Attached the draft version patch sets of per tablespace transparent
data at rest encryption. The patch doesn't support full functionality,
it includes:

* Per tablespace encryption
* Encryption and decryption buffer data when disk I/O.
* 2 tier key hierarchy and key rotation
* Temporary file encryption (based on the patch Antonin proposd)
* System catalog encryption
* Generic key management API and test module
* Simple TAP test

but doesn't include for now (I'm writing):

* WAL encryption
* Replication supports
* pg_upgrade support
* Documentation
* README

and doesn't support:

* SLRU data encryption
* other system file encryption (pg_twophase, pg_subtrans, backup_label etc)
* Server log encryption

Before explaining the detail of the patch let me share my thoughts on
the following points.

> (1) What's the proposed minimum viable product, and how do we expect to
> extend it with the more elaborate features. I don't expect perfect
> specification, but we should have some idea so that we don't paint
> ourselves in the corner.

I think the minimum viable product should support the following features.

* Fine grained encryption object control (not using single key for
whole database cluster).
* Encrypt and decrypt tables (including system catalogs), indexes,
TOAST tables, WAL and temporary files when disk I/O.
* Passing either password, passphrase or encryption key to postgres
server without the risk of being written to files.
* Front-end programs provided by PostgreSQL source code work as much
as possible.
* Key rotation

I think that the following features would be added.

* SLRU and other data encryption. I think we can use an another
encryption key for these data.
* Support other encryption algorithms. I don't have any idea so far
but it would be not hard to support other symmetric-key algorithm.
* Faster key rotation. It can be done by having 2 tier key hierarchy.
* Integrate with external key management services.
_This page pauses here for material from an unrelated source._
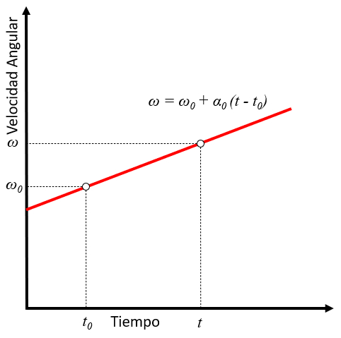 No caso de la aceleração angular constante ($\alpha_0$), la velocidade angular ($\omega$) como fun o de o tempo ($t$) segue uma rela o linear com o tempo inicial ($t_0$) e la velocidade angular inicial ($\omega_0$) na forma:

The patch
implements this but I'm sure there are other ways to integrate with
external key management services.

>
> (2) How does it affect recovery, backups and replication (both physical
> and logical)? That is, which other parts need to know the encryption keys
> to function properly?

If we encrypt whole 8kB WAL block (in cluster-wide encryption case) it
would be not hard because we just encrypt before writing to the disk
with single key. On the other hand if we encrypt some WAL records it
could be hard; it requires changes around WAL assembly code so that it
can obtain encryption keys and encrypt WAL data before inserting to
the WAL buffer. Since WAL is encrypted the recovery needs to obtain
all encryption keys and decrypt the encrypted WAL.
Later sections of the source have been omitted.